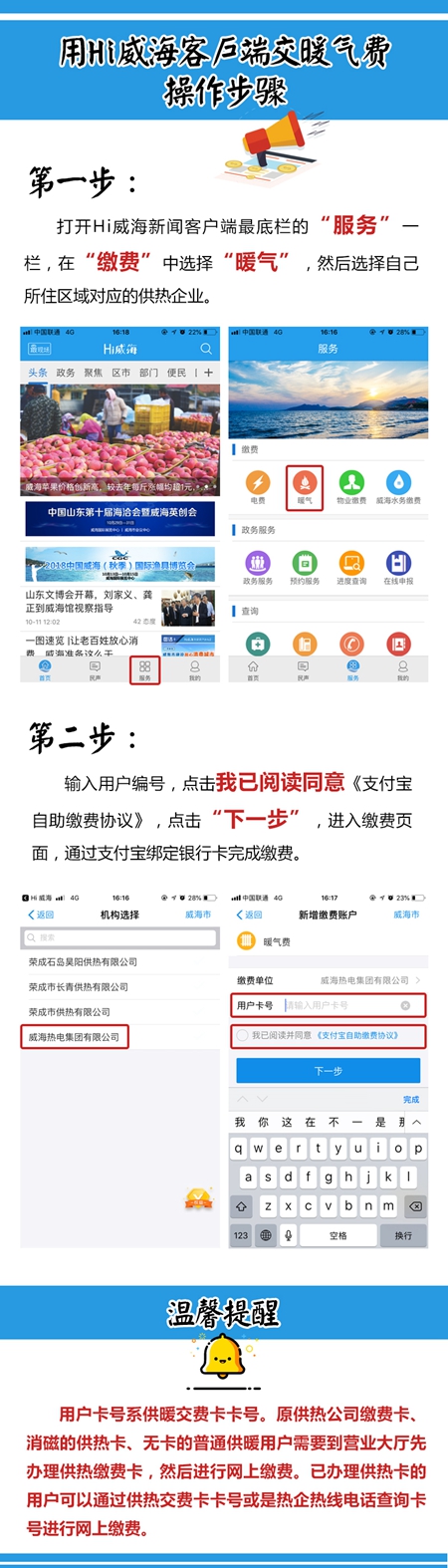 还有一个更好的消息,今年有了Hi威海新闻客户端,我们交暖气费更加方便啦,手指一点,轻松实现!
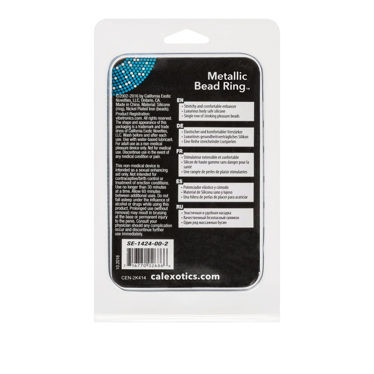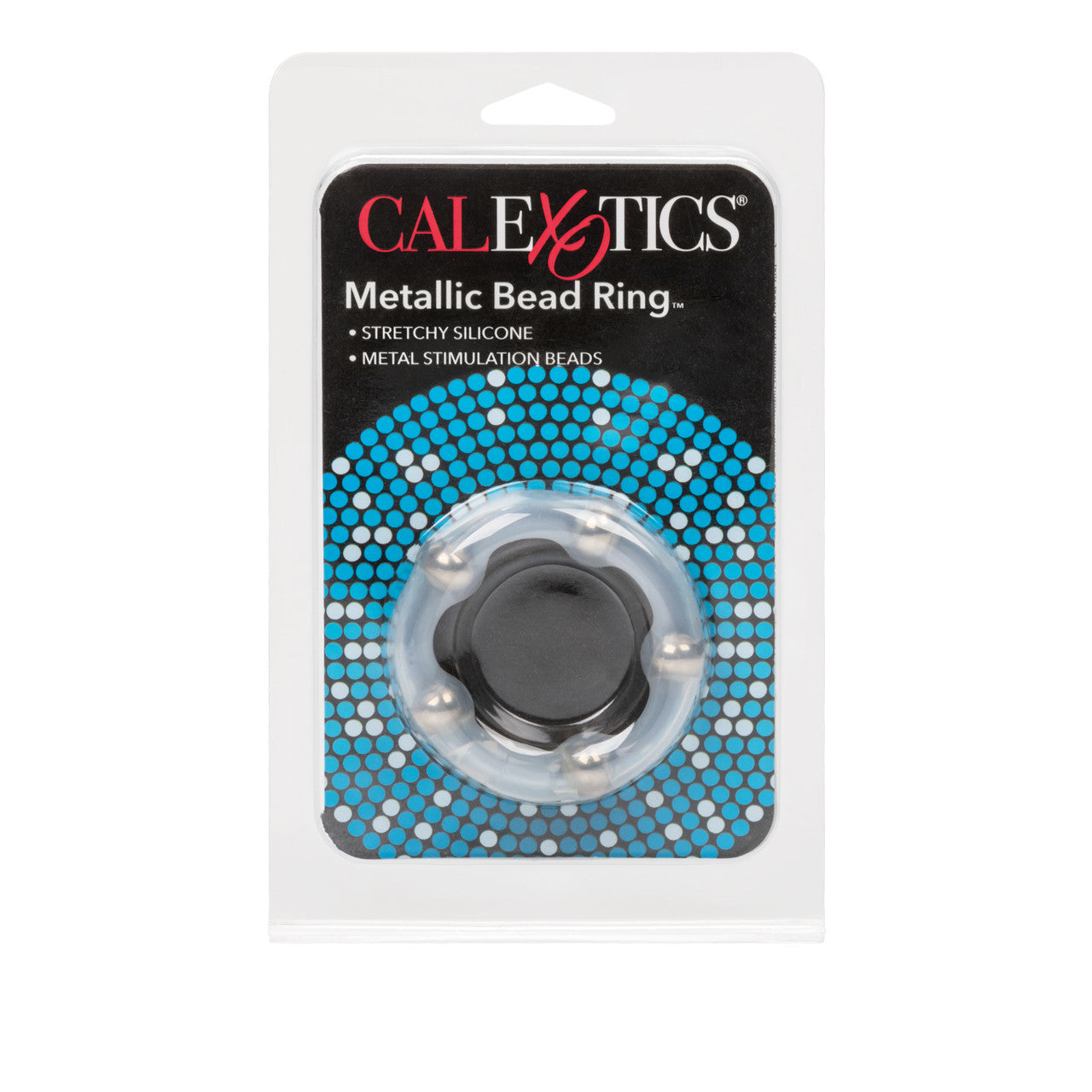 Metallic Bead Ring from California Exotic Novelties. Enhance your erotic encounters with the exotic Metallic Bead Ring. The stretchy and flexible erection enhancer is designed for intimate support and prolonged rock hard erections. The discreet Beaded Ring delivers tantalizing orgasmic sensations that stimulate your arousal and elevate your sensuous experiences. Slip the Ring on, and take full control of your pleasure, time and time again. Made from soft and smooth, superior Silicone, the Enhancer has a curvaceous tubed design and features 5 Steel stimulation Beads. The Enhancer Ring easily slides on to the erect Penis for instant and intense arousal assistance. The Metal Beads provide additional sensual stimulation during extended fun. Use your imagination and indulge in secret fantasies and wild dreams while the Ring supports and maintains your performance. For increased pleasure and heightened sensitivity, always use a quality water based personal lubricant with this sex toy. The reusable Enhancer is suitable for first time and experienced users, and great for spontaneous solo play. Use the enhancer during erotic intimacy with your lover, for prolonged mutual satisfaction and the ultimate climax experience. Before and after every use, remember to clean the enhancer with a toy cleaner spray or warm, soapy water. Rinse with warm water. Pat dry before storing. Stretchy is a Cock Ring with 5 Metal Beads. Safe and pure for body and pleasure. Made using phthalate free, non-toxic materials Silicone Ring, Steel Beads. Ring measures 1.25 inches in diameter. Bulk weight 0.5 ounce. Cock Rings when worn around the base of the Penis and Testicles, many users find that Cock Rings increase sexual pleasure. Prolong Rings, Erection Enhancement, Climax Control Rings, Cock Rings. Wash before and after each use. Always use a water based personal lubricant with this product for maximum pleasure. Important warning: this novelty product is intended as a sexual enhancing aid. Not intended for contraception, birth control or treatment of erection conditions. Use no more than 30 minutes at a time. Allow 60 minutes between additional uses. Do not fall asleep or be under the influence of alcohol or drugs while using this product. Prolonged use without removal may result in injury to the penis. Consult you physician should any complications should occur and discontinue use. Metallic Bead Ring is a registered trademark for California Exotic Novelties. Sex toys and sexual wellness. Categories: Bondage, Fetish, Kink, Love Rings, Sex Toys for Men, Cock Rings, Men's Cock and Ball Gear. 2023.
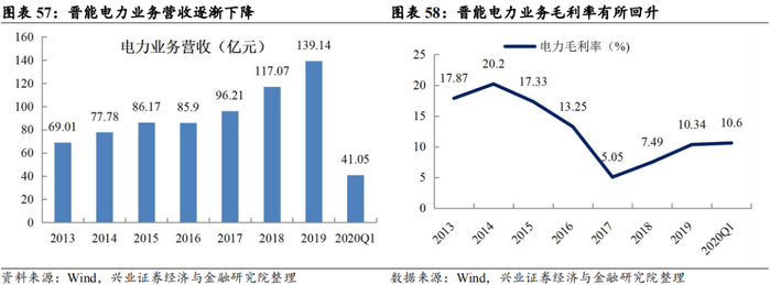 受用电需求增加影响,公司发电量及上网电量明显增长,电力板块规模提升,且毛利率有所提升,但依然难以贡献正利润。2019年公司发电量270.27亿千瓦时,同比增长17.28%;上网电量248.39亿千瓦时,同比增长15.20%。2017 年、2018 年、2019 年,集团电力板块营业收入分别为 96.21 亿元、117.07 亿元、139.14亿元,电力板块营业收入逐年上涨,主要因公司发电量和上网电量明显增长增加所致。毛利率来看2014年至2017年,由于上网电价下调和发电利用小时数下降,电力板块毛利率水平持续下滑,2016年毛利率降至5.5%。2018年以来,随着煤炭价格的下降,电力业务毛利率有所回升,2018 年和2019 年,电力板块毛利率分别为10.34%和10.6 %,且2020年第一季度继续增加。在平均售电价格基本保持稳定,在煤炭价格下行、物流贸易业务盈利能力偏弱的情况下,发电配电业务成为公司重要的利润来源。
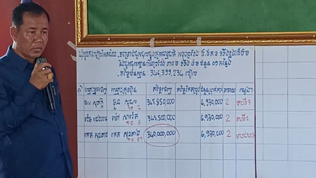 ក្នុងដំណើរការនេះ ក្រុមហ៊ុន ដែលចូលរួមដេញថ្លៃ មានចំនួន ៣ គឺ ទី១ មានឈ្មោះ ទួន សុផល បានដាក់សំណើរដេញថ្លៃចំនួនទឹកប្រាក់ ៣៤៥ ៨៥០ ០០០រៀល និងក្រុមហ៊ុនទី២ មានឈ្មោះ ម៉ៅ សារ៉េត បានដាក់សំណើដេញថ្លៃចំនួនទឹកប្រាក់ ៣៤៥ ៥00 000រៀល និងក្រុមហ៊ុនទី៣ ដែលឈ្នះក្នុងការដេញថ្លៃ មានឈ្មោះ កេត សុខគាង បានដាក់សំណើដេញថ្លៃចំនួនទឹកប្រាក់ ៣៤០,000,000រៀល។

_WORK INSTRUCTION_:
Copy out the material above exactly; the images stay out.

_EXERCISE RESPONSE_:
 还有一个更好的消息,今年有了Hi威海新闻客户端,我们交暖气费更加方便啦,手指一点,轻松实现!
 Metallic Bead Ring from California Exotic Novelties. Enhance your erotic encounters with the exotic Metallic Bead Ring. The stretchy and flexible erection enhancer is designed for intimate support and prolonged rock hard erections. The discreet Beaded Ring delivers tantalizing orgasmic sensations that stimulate your arousal and elevate your sensuous experiences. Slip the Ring on, and take full control of your pleasure, time and time again. Made from soft and smooth, superior Silicone, the Enhancer has a curvaceous tubed design and features 5 Steel stimulation Beads. The Enhancer Ring easily slides on to the erect Penis for instant and intense arousal assistance. The Metal Beads provide additional sensual stimulation during extended fun. Use your imagination and indulge in secret fantasies and wild dreams while the Ring supports and maintains your performance. For increased pleasure and heightened sensitivity, always use a quality water based personal lubricant with this sex toy. The reusable Enhancer is suitable for first time and experienced users, and great for spontaneous solo play. Use the enhancer during erotic intimacy with your lover, for prolonged mutual satisfaction and the ultimate climax experience. Before and after every use, remember to clean the enhancer with a toy cleaner spray or warm, soapy water. Rinse with warm water. Pat dry before storing. Stretchy is a Cock Ring with 5 Metal Beads. Safe and pure for body and pleasure. Made using phthalate free, non-toxic materials Silicone Ring, Steel Beads. Ring measures 1.25 inches in diameter. Bulk weight 0.5 ounce. Cock Rings when worn around the base of the Penis and Testicles, many users find that Cock Rings increase sexual pleasure. Prolong Rings, Erection Enhancement, Climax Control Rings, Cock Rings. Wash before and after each use. Always use a water based personal lubricant with this product for maximum pleasure. Important warning: this novelty product is intended as a sexual enhancing aid. Not intended for contraception, birth control or treatment of erection conditions. Use no more than 30 minutes at a time. Allow 60 minutes between additional uses. Do not fall asleep or be under the influence of alcohol or drugs while using this product. Prolonged use without removal may result in injury to the penis. Consult you physician should any complications should occur and discontinue use. Metallic Bead Ring is a registered trademark for California Exotic Novelties. Sex toys and sexual wellness. Categories: Bondage, Fetish, Kink, Love Rings, Sex Toys for Men, Cock Rings, Men's Cock and Ball Gear. 2023.
 受用电需求增加影响,公司发电量及上网电量明显增长,电力板块规模提升,且毛利率有所提升,但依然难以贡献正利润。2019年公司发电量270.27亿千瓦时,同比增长17.28%;上网电量248.39亿千瓦时,同比增长15.20%。2017 年、2018 年、2019 年,集团电力板块营业收入分别为 96.21 亿元、117.07 亿元、139.14亿元,电力板块营业收入逐年上涨,主要因公司发电量和上网电量明显增长增加所致。毛利率来看2014年至2017年,由于上网电价下调和发电利用小时数下降,电力板块毛利率水平持续下滑,2016年毛利率降至5.5%。2018年以来,随着煤炭价格的下降,电力业务毛利率有所回升,2018 年和2019 年,电力板块毛利率分别为10.34%和10.6 %,且2020年第一季度继续增加。在平均售电价格基本保持稳定,在煤炭价格下行、物流贸易业务盈利能力偏弱的情况下,发电配电业务成为公司重要的利润来源。
 ក្នុងដំណើរការនេះ ក្រុមហ៊ុន ដែលចូលរួមដេញថ្លៃ មានចំនួន ៣ គឺ ទី១ មានឈ្មោះ ទួន សុផល បានដាក់សំណើរដេញថ្លៃចំនួនទឹកប្រាក់ ៣៤៥ ៨៥០ ០០០រៀល និងក្រុមហ៊ុនទី២ មានឈ្មោះ ម៉ៅ សារ៉េត បានដាក់សំណើដេញថ្លៃចំនួនទឹកប្រាក់ ៣៤៥ ៥00 000រៀល និងក្រុមហ៊ុនទី៣ ដែលឈ្នះក្នុងការដេញថ្លៃ មានឈ្មោះ កេត សុខគាង បានដាក់សំណើដេញថ្លៃចំនួនទឹកប្រាក់ ៣៤០,000,000រៀល។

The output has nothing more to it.